Safety Considerations
Drug Interactions: Ciprofloxacin carries a substantial interaction burden with 417 documented drug-drug interactions. The following Major-level interactions are clinically relevant, particularly in the context of scleroderma management where corticosteroids are frequently co-prescribed:
| Interacting Drug | Level | Clinical Relevance |
|---|---|---|
| Hydrocortisone | Major | Fluoroquinolone + corticosteroid combination significantly increases risk of tendon rupture and tendinopathy |
| Dexamethasone | Major | Same mechanism as above; often used in scleroderma-related inflammatory flares |
| Betamethasone | Major | Heightened tendinopathy risk; monitor musculoskeletal symptoms closely |
| Triamcinolone | Major | Risk of tendon damage; avoid periarticular injections during ciprofloxacin therapy |
| Bupropion | Major | CYP1A2 inhibition by ciprofloxacin may elevate bupropion plasma levels, increasing seizure risk |
⚠️ Note for Scleroderma Context: The five Major interactions with corticosteroids (hydrocortisone, dexamethasone, betamethasone, triamcinolone, budesonide as Moderate) are particularly significant because corticosteroids are standard components of scleroderma management. Any clinical trial or compassionate use protocol must explicitly address tendinopathy monitoring and risk mitigation.

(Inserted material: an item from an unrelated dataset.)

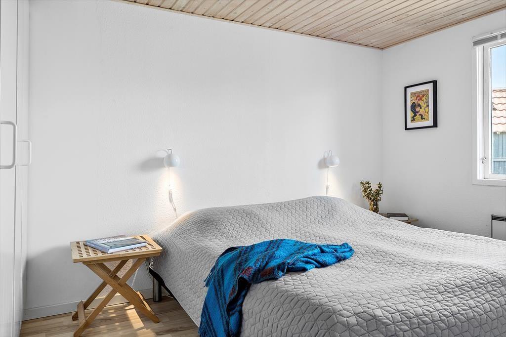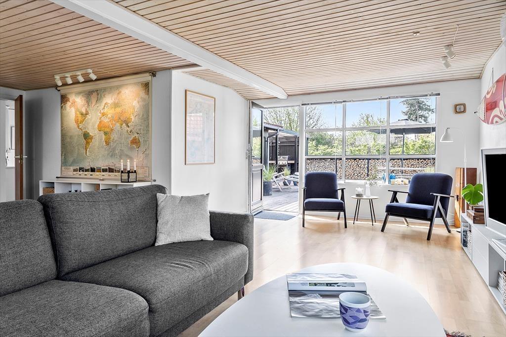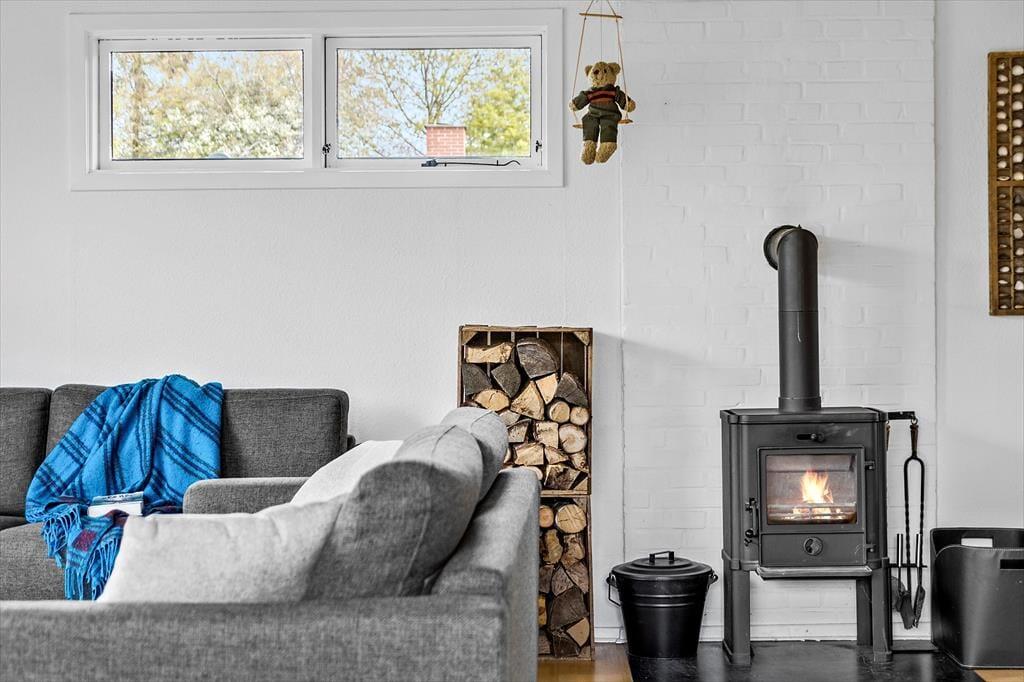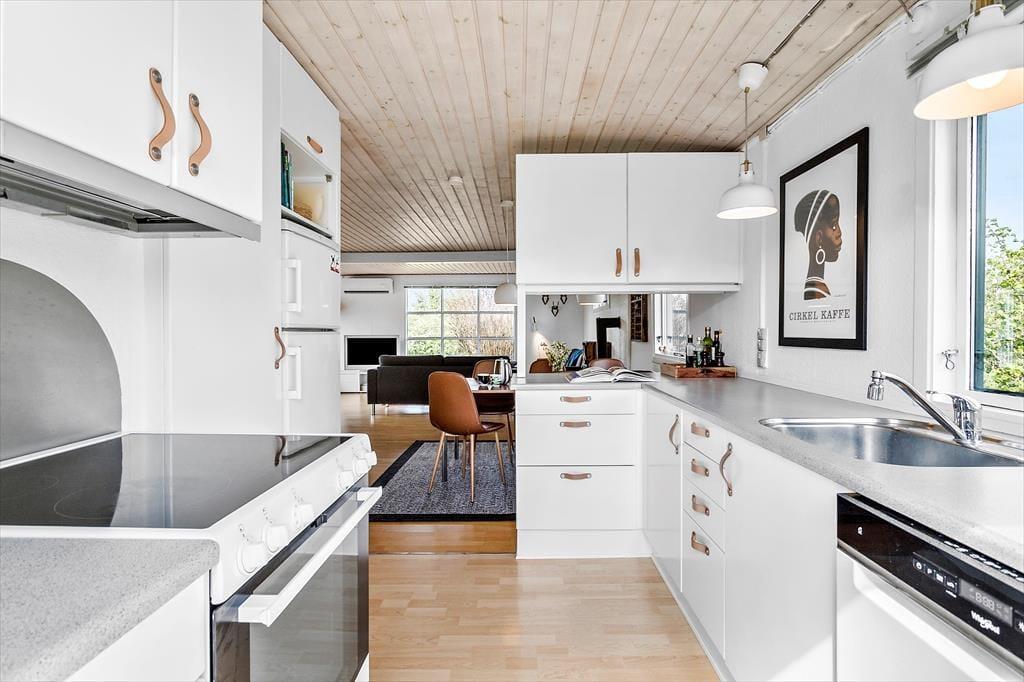 Sobald Sie den großen, hellen Wohnraum betreten, werden Sie die Seele und der Charme dieses Hauses in den Bann ziehen. Sie werden das Gefühl verspüren, dass Sie in diesem Urlaubsdomizil wunderbar aufgehoben sind. Der Kamin sorgt im gemütlichen Wohnraum und in der direkt angrenzenden, offenen Küche für heimelige Wärme und ein Maximum an echter dänischer Ferienhausstimmung. Das Ferienhaus verfügt zudem über eine Wärmepumpe mit Kühlfunktion. In der Küche treffen Sie auf einen Induktionsherd und einen Geschirrspüler. Von hier aus gelangen Sie außerdem hinaus in den Garten an der östlichen Hausseite. Die drei vorhandenen Schlafräume sind allesamt über einen Flur zugänglich und empfangen Sie mit jeweils einem Doppelbett.

Additional Moderate interactions were identified with commonly co-prescribed agents including Metformin, Acetylsalicylic acid, Famotidine, and Loperamide — all relevant in a scleroderma population with gastrointestinal involvement.

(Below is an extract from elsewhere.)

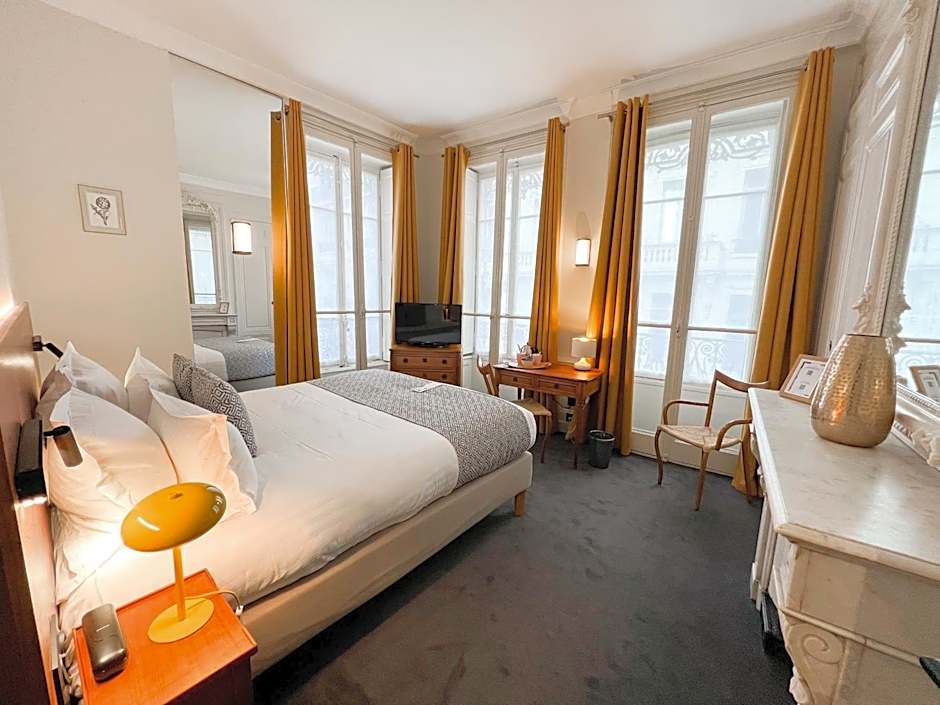The Superior room is perfect for a stay of several days for two people. All styles are available, and no room looks like another: characteristic Lyon charm with wood floors, simple and sleek or spacious and functional. A queen size bed (63 in) will be waiting for you, (or 2 single beds on request), a desk and a TV. The bathroom is equipped with either a shower or a bath.

Please refer to the approved package insert for complete warnings and contraindications; these were not available in the current Evidence Pack.
Conclusion and Next Steps
Decision: Hold
Rationale: The mechanistic hypothesis linking ciprofloxacin to diffuse scleroderma is biologically plausible — supported by one small double-blind randomized pilot study and one observational study — but evidence remains at L4 level with no registered clinical trials, no India regulatory foothold, and unresolved safety data gaps. The drug’s substantial DDI burden with corticosteroids (Major interactions) presents an additional barrier requiring explicit protocol design before any clinical advancement.

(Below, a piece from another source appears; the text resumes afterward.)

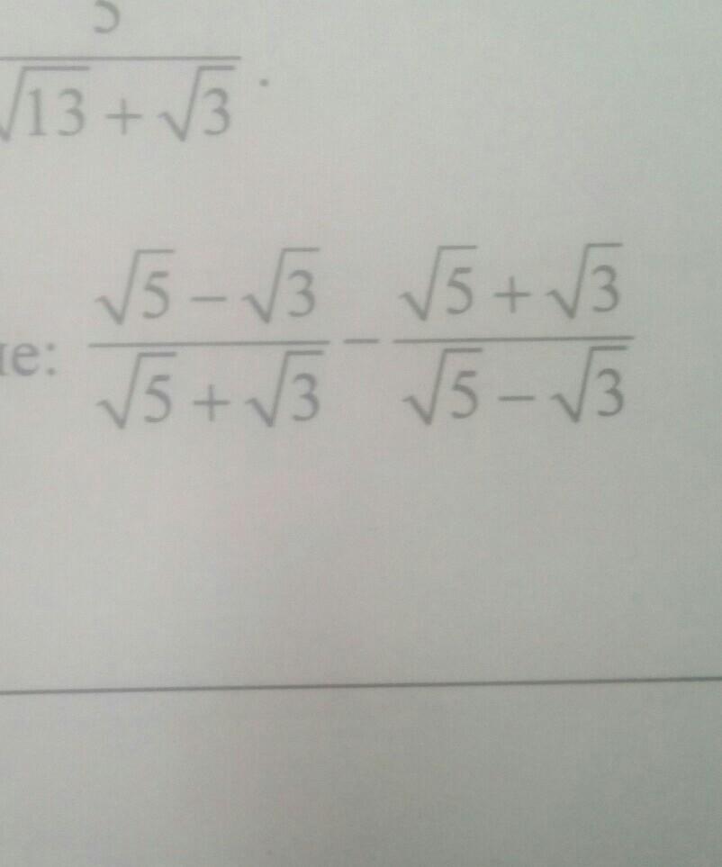 1)√5 - √3 / √5 + √3 = √5-3 / √5+3 = √2/√8 = √2:8 = √0,25 = 0,5
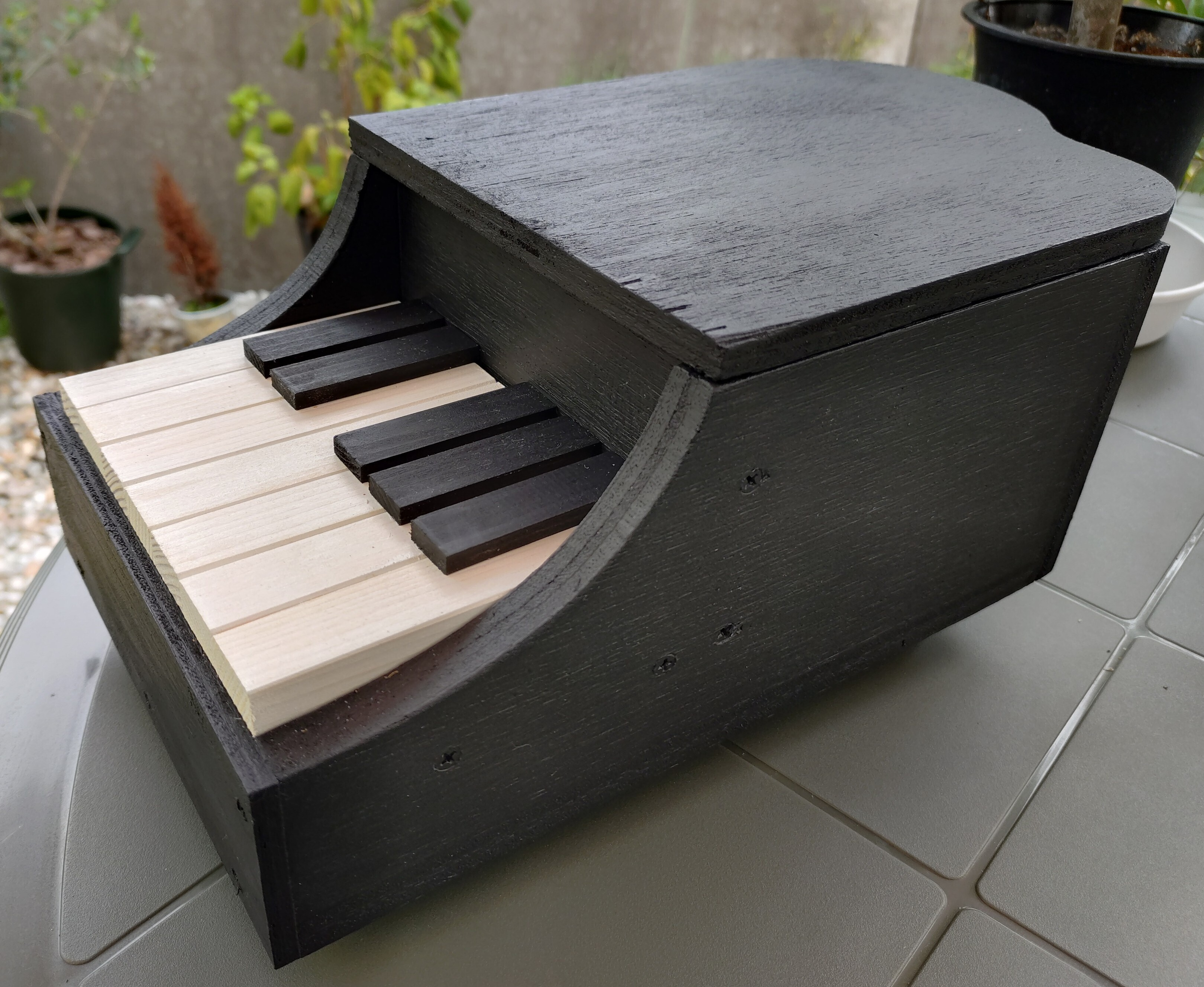 トップ > DIYアワード2025 > キャンペーン > ピアノ型プランター りかちゃん 2025/10/03 20:34 ピアノ型プランター ■作品内容 ピアノ型プランター ■こだわりポイント 白鍵は角を少しヤスリで落としました グランドピアノのように蓋を付けたくて、事前に蓋となる木材を購入しました 丸棒を取り付け、蓋の方に浅く穴を掘り、丸棒が引っかかるようにしました 丸棒は可動するので、蓋を閉めたい時は箱の中に収まります アドバイザーさんの御指導のおかげでとても綺麗に仕上がりました👏 側面のステンシルは未だ迷っています 自作で作ったのですが… 何でもやりすぎてしまうので、工房では御印にしている足跡だけ、ポチッと🐾 木工DIY部門【DIYアワード2025】 いいね 共有する 共有する X LINE リンクをコピー コメントする 2 件の返信 (新着順) ミュートしたユーザーの投稿です。 投稿を表示 いくピ 2025/10/04 07:34 ぴったりの蓋がついたねー👍 すてき❤️ いいね 返信する ミュートしたユーザーの投稿です。 投稿を表示 りかちゃん 2025/10/04 09:10 いくピ マイストアの師匠に助けてもらいました👏 つっかえ棒とか動くようにアイデア出してくれたのも師匠🎵 いいね 返信する ミュートしたユーザーの投稿です。 投稿を表示 いくピ 2025/10/04 17:25 りかちゃん 昨日行ってきたから話を聞いたよ😆 いいのができてよかったね‼️👍 いいね 返信する ミュートしたユーザーの投稿です。 投稿を表示 りかちゃん 2025/10/04 18:33 いくピ 師匠が居るから出来たのよ🎵 じゃなきゃ無理だ😨 いいね 返信する ミュートしたユーザーの投稿です。 投稿を表示 きゃな 2025/10/04 06:37 素敵 いい感じです✨ いいね 返信する ミュートしたユーザーの投稿です。 投稿を表示 りかちゃん 2025/10/04 07:26 きゃな ありがとうございます😊 絵心無いのでステンシルに頼りたいんですが、シンプルにこのままのほうが良いのか、悩んでます… いいね 返信する

To proceed, the following is needed:
- Retrieval and review of the full ciprofloxacin package insert (from any approved jurisdiction: FDA, EMA, or CDSCO) to document formal warnings, contraindications, and black box alerts
- Mechanism of action verification via DrugBank API (DB00537) to confirm antifibrotic and immunomodulatory pharmacology
- Systematic review or meta-analysis of antibiotic use in systemic sclerosis, specifically ciprofloxacin’s antifibrotic and SIBO-targeting effects
- Phase 2 proof-of-concept clinical trial with skin fibrosis biomarkers (modified Rodnan Skin Score, TGF-β, collagen type I/III levels) as primary endpoints
- Tendinopathy risk management protocol if corticosteroids are included in the study population’s background therapy
- Assessment of India-specific scleroderma epidemiology and patient access pathways before local regulatory strategy is developed
Disclaimer
This content is for research purposes only and does not constitute medical advice. Clinical validation is required before any clinical application.